Updated on - Written by
Medically reviewed by Brittany Ferri, Ph.D.

keto and kidney stones
The ketogenic diet can cause kidney stones in some ways. Photo: Thanh Pham

Kidney stones can be a painful and troublesome condition, and if you’re following a ketogenic diet, you might be wondering if it increases your risk of developing kidney stones.

The ketogenic diet can be an effective weight loss strategy, but it requires awareness and precautions to minimize the risk of kidney stones. By following these tips, you can navigate the keto diet with confidence and prioritize your kidney health.

In this article, we explore the connection between the keto diet and kidney stones to help you understand the factors involved and provide tips to minimize the risk. Keep reading to find out more!

Keto Diet And Kidney Stones 

To minimize the risk of developing kidney stones while on a ketogenic diet, it is important to follow these tips:

  • Stay hydrated
  • Stick to a moderate protein intake
  • Include calcium-rich foods
  • Watch Oxalate intake
  • Consume citrus fruits
  • Consider supplementation

Tips To Avoid Kidney Stones On Keto

Tips To Avoid Kidney Stones On Keto
You need to consider the 6 following tips for a healthier kidney. Photo: Tattoboo/Shutterstock

If you’re following a ketogenic diet (keto diet) and want to minimize the risk of developing kidney stones, here are some tips to consider:

Stay Hydrated

Drink plenty of water throughout the day to ensure adequate urine production and dilution. Read all about how much water you should drink per day here!

Moderate Protein Intake

While the keto diet emphasizes higher fat consumption, it also includes moderate protein intake. Excessive protein can increase the excretion of calcium in the urine, potentially contributing to stone formation, including uric acid stones (most prevalent kidney stones).

Include Calcium-Rich Foods

Although some dairy products are restricted on the keto diet due to their carbohydrate content, it’s important to incorporate non-dairy calcium sources. Foods like leafy greens (spinach, kale), almonds, broccoli, and sardines are good options. Calcium binds with oxalate in the intestines, reducing its absorption and decreasing the risk of stone formation.

Watch Oxalate Intake

Some keto-friendly foods are high in oxalate,[1] such as spinach, rhubarb, and almonds. While these foods can still be consumed in moderation, be mindful of portion sizes to minimize oxalate intake.

Consume Citrus Fruits

Citrus fruits like lemons and oranges contain citrate,[2] which can help prevent kidney stones by inhibiting the formation of crystals. Squeeze fresh lemon juice into your water or use it as a flavor enhancer for meals.

Consider Supplementation

If it’s challenging to meet calcium and other nutrient requirements through diet alone, discuss the possibility of supplementation with a healthcare professional or registered dietitian. Click here to learn more about KaraMD pure nature review supplements that can be beneficial for a ketogenic diet!

Why Does Keto Cause Kidney Stones?

Why Does Keto Cause Kidney Stones
Lack of calcium, fruit, and alkaline foods are the main effects of the keto diet on the kidney. Photo: New Africa/Shutterstock

Lack Of Calcium On Keto Diets

One of the reasons behind the connection between the ketogenic diet (keto diet) and kidney stones is the potential lack of calcium in the diet. Calcium is not only involved with bone health but kidney health and electrolyte balance. The keto diet is typically low in calcium-rich foods such as dairy products, as these contain carbohydrates. Calcium is essential for maintaining healthy bones and teeth, as well as preventing the formation of kidney stones.

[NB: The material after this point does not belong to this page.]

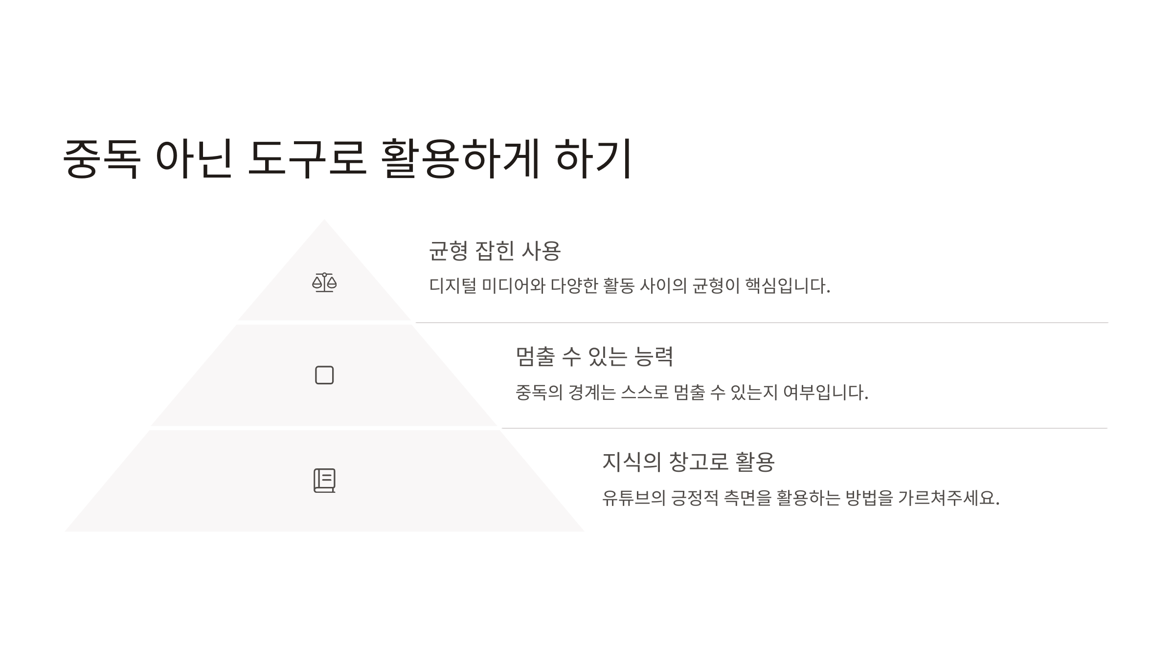 아이들이 유튜브에 중독되지 않도록 하는 가장 핵심적인 방법은 바로 '멈출 수 있는 능력'을 키워주는 것이에요. 중독의 경계는 스스로 멈출 수 있다면 중독이 아니고, 멈출 수 없다면 중독입니다. 자주 '멈추는 습관'을 통해 유튜브 중독을 예방하고, 디지털 시대에 필요한 자기 조절 능력을 기르도록 도와주는 것이 현명한 육아의 핵심입니다.

When calcium levels[3] are inadequate, oxalate (a substance found in certain foods) can bind to calcium and form crystals in the kidneys, leading to kidney stone development. Additionally, the absence of dietary calcium can increase the absorption of oxalate from the intestines, further contributing to stone formation.

The ketogenic diets and other types of low-carb diets often restrict foods that are high in potassium, such as fruits, legumes, and certain vegetables, due to their carbohydrate content. Potassium plays a crucial role in maintaining proper kidney function and preventing the formation of kidney stones.

When potassium levels[4] are insufficient, it can lead to increased calcium excretion in the urine, which contributes to the development of calcium oxalate stones. Additionally, inadequate potassium levels can disrupt the balance of other minerals in the body, further increasing the risk of stone formation. Read all about foods high in potassium!

Moreover, ketosis, the metabolic state induced by the keto diet, can lead to a higher excretion of calcium in the urine. This increased urinary calcium concentration can increase the risk of calcium oxalate stone formation.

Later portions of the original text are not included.